Puedo afirmar sin temor a equivocarme que no todos los carnícos que se consume en nuestro planeta pueda
provenir de una exigencia o sistema de revisión kósher. Pero si es lógico suponer que la carne de consumo
en las pequeñas y grandes poblaciones proviene de los rastros.

La primera vez que fui a tempranas horas de la mañana al rastro de Ferrería, ahí conocí la realidad de cómo
son transportados, conducidos, sacrificados y canalados los pollos, borregos, cerdos y los famosos toritos. Si
alguien detesta la ancestral tauromaquia (originaria desde la era de bronce), y viera lo que yo he visto en los
rastros (en pleno siglo XXI), empezaría a disfrutar la fiesta brava, donde un hombre se expone y está
dispuesto a lidiar a tan solo unos centímetros del astado provisto de sus instintos atávicos de defensa y
atributos físicos con más de 500 Kg. Donde ciertamente morirá, pero en una monumental plaza y no a
martillazos, amarrado en un apestoso cuarto de un rastro.

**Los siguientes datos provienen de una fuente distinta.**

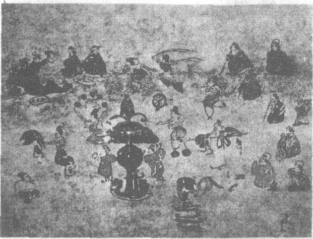 和林格尔汉墓壁画 (局部) ☚ 营城子汉墓壁画 高句丽墓壁画 ☛ 和林格尔汉墓壁画 和林格尔汉墓壁画位于新店子小板申村东,西北距县城40公里。墓主为东汉末年管理北方乌桓、鲜卑、羌等少数民族事务的护乌桓校尉。墓表封土约高2米,墓室为穹庐顶多室砖墓,全长约20米。墓道、墓门、甬道、前室、中室、后室及三个耳室,共占地百余平方米,绘有50多组彩绘壁画,是自治区内迄今所见图幅与榜题最多的汉代壁画。皇帝褒奖、庆功筵宴、车马出行、城垣官衙、坞堡庄园等壁画场景,描绘出墓主一生的荣耀富贵,为汉代政治、经济、军事与文化等方面的研究,提供了宝贵资料。其面法,大量运用单线平涂法,兼用白描、没骨法。《牧马图》最见功力,六匹牧马、三匹马驹皆矫健神气,栩栩如生,连马鬃毛的飘逸感也跃然画面。 ☚ 4. 和林格尔县 唐单于都护府城遗址 ☛ |
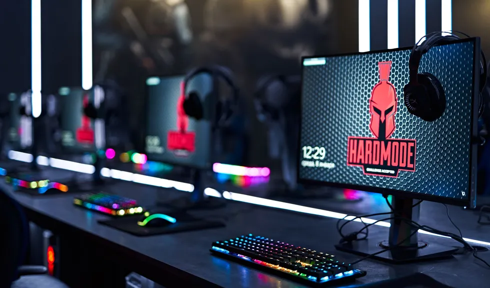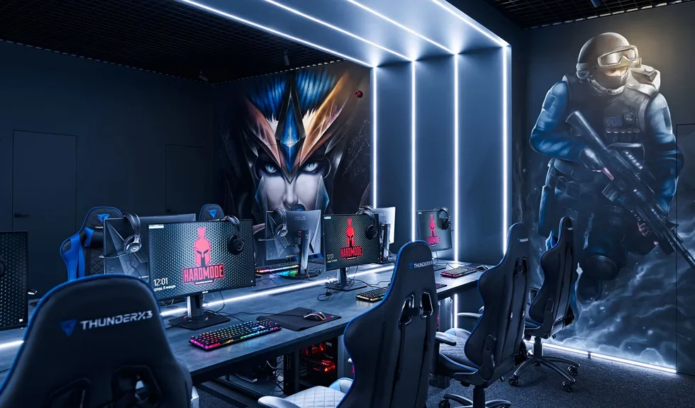 Световые линии интегрированы в стены, потолок и столы. Многоцветная RGB-лента, размещенная в компьютерных столах, управляется контроллером. Полосы света, которые плавно переходят со стен на потолок, напоминают портал, переносящий из реальности в параллельный мир. Игра контрастов впечатляет: темное помещение, яркие световые полосы и масштабные подсвеченные граффити на стенах. Персонажи игр словно находятся в движении за счет грамотно подобранных световых акцентов. Все пространство превращается в настоящую игровую арену, которая объединяет профессионалов и любителей киберспорта.

Y aquí está la conexión para quienes son “torofóbicos” o al menos “correbous” y han comido carne una vez a
la semana. Etimológicamente el RASTRO debe su nombre a que en antaño se ubicaban varias curtidurías en
torno a la calle de la Ribera de Curtidores a proximidad del matadero que se encontraba en la ribera del Río
Manzanares, por lo que al transportar arrastrando las reses ya muertas con sus pieles desde el matadero
hasta las curtidurías, se dejaba un rastro de sangre. Este término también significaba “las afueras” donde
alcanzaba la jurisdicción de los alcaldes de la corte. También se extiende una leyenda por la cual el nombre
de "el rastro" no sólo procede del rastro de sangre que dejaban las reses ya muertas, si no que los madrileños
otorgaban a "el rastro" un doble sentido, más oscuro, este no era otro que el rastro que dejaba la sangre de
los condenados al garrote vil y que eran ejecutados a la vista de todos en este lugar.

Cosa curiosa, el rastro y la fiesta brava aún sucede en México y en la madre patria donde la cultura (BIC) y
las costumbres son tradición que obliga, tal como salir de la Plaza México a comer unos ricos tacos del
villamelón y no una hamburguesa de chunga acompañada con papás a la francesa, es cuestión de gustos.